**** DATA SECTION

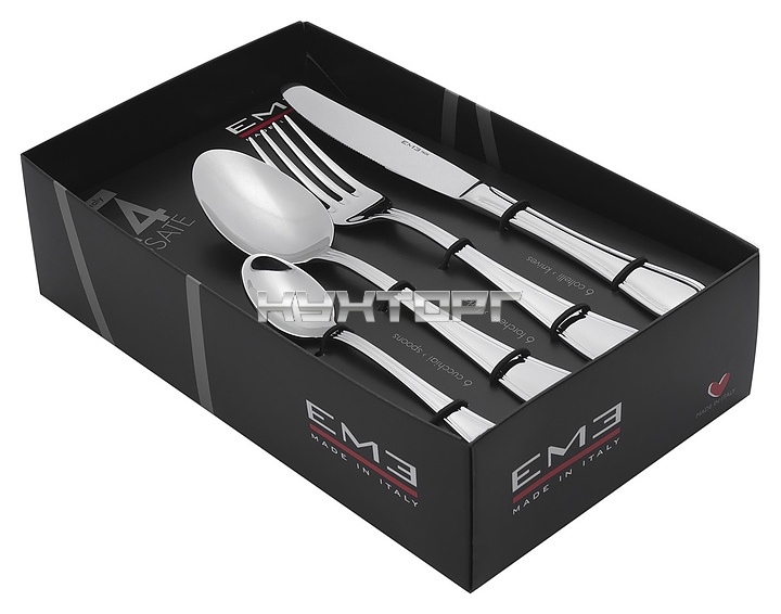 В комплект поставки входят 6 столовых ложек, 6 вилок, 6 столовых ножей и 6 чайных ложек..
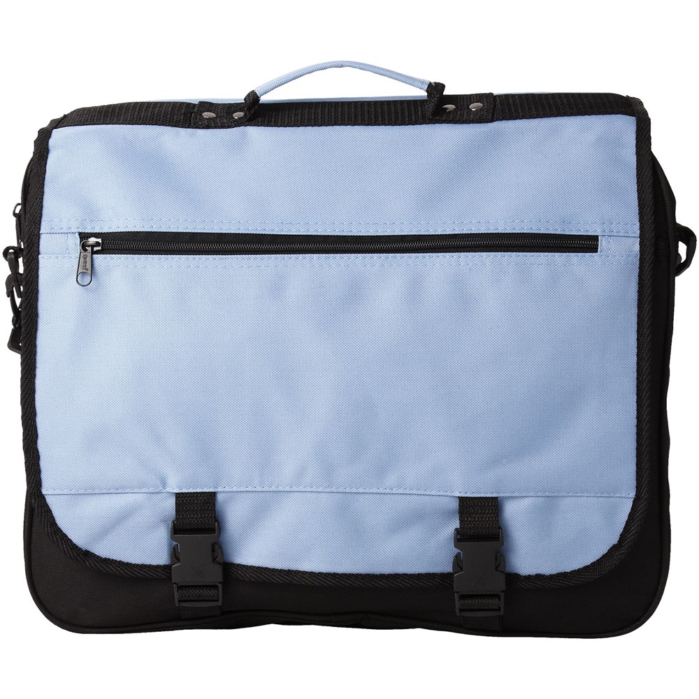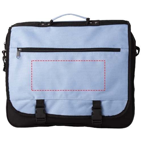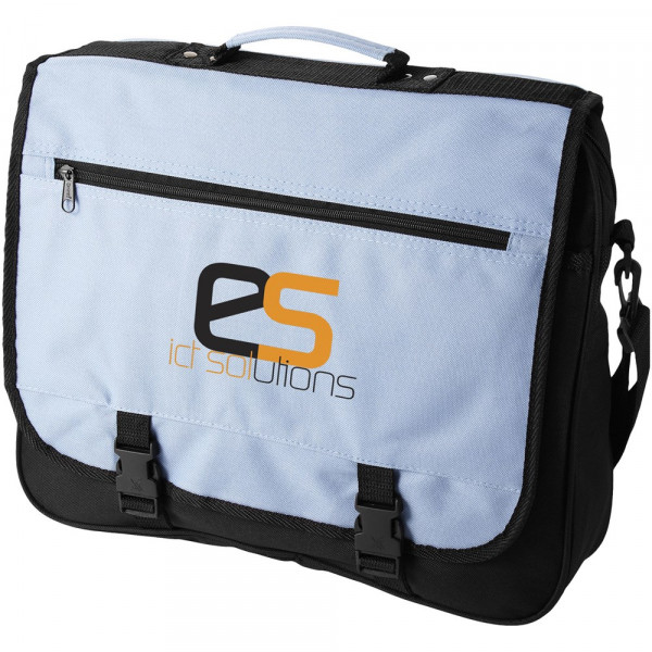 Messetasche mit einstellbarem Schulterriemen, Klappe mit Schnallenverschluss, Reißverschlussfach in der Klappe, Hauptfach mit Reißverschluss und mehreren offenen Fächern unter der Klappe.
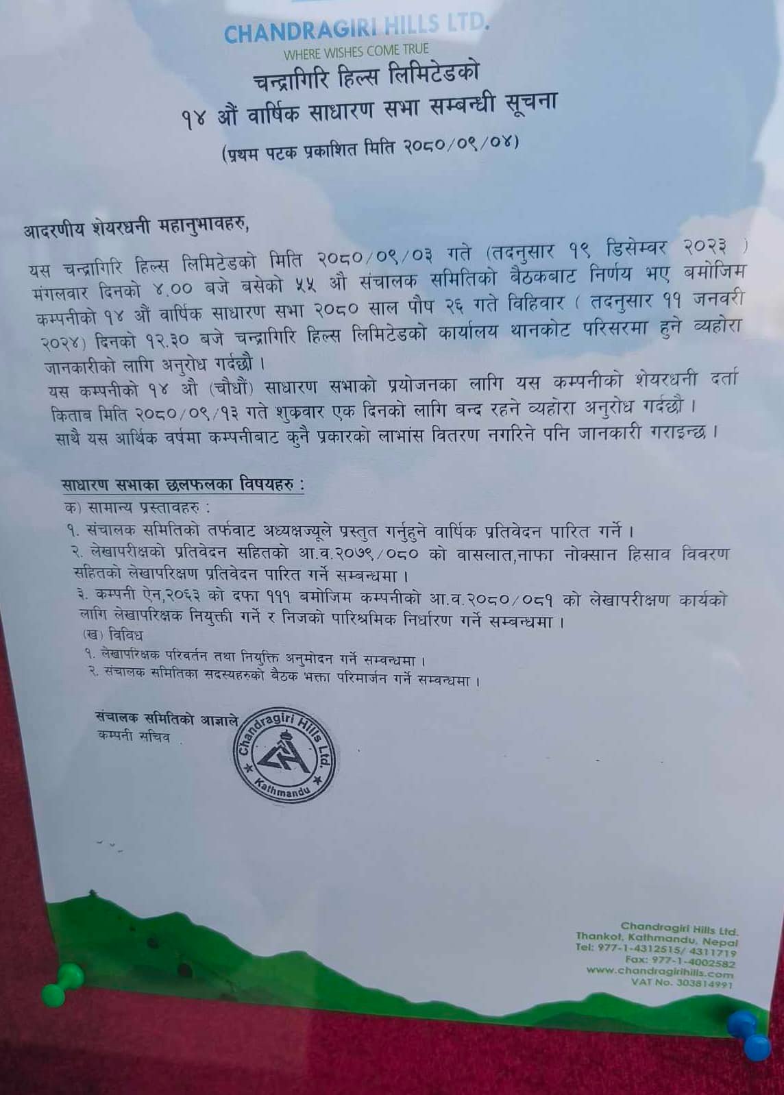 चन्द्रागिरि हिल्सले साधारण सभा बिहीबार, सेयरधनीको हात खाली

********

> INSTRUCTIONS TO FOLLOW: Apart from the pictures, the material above has to be repeated exactly.

> RESPONSE BELOW:
 В комплект поставки входят 6 столовых ложек, 6 вилок, 6 столовых ножей и 6 чайных ложек..
 Messetasche mit einstellbarem Schulterriemen, Klappe mit Schnallenverschluss, Reißverschlussfach in der Klappe, Hauptfach mit Reißverschluss und mehreren offenen Fächern unter der Klappe.
 चन्द्रागिरि हिल्सले साधारण सभा बिहीबार, सेयरधनीको हात खाली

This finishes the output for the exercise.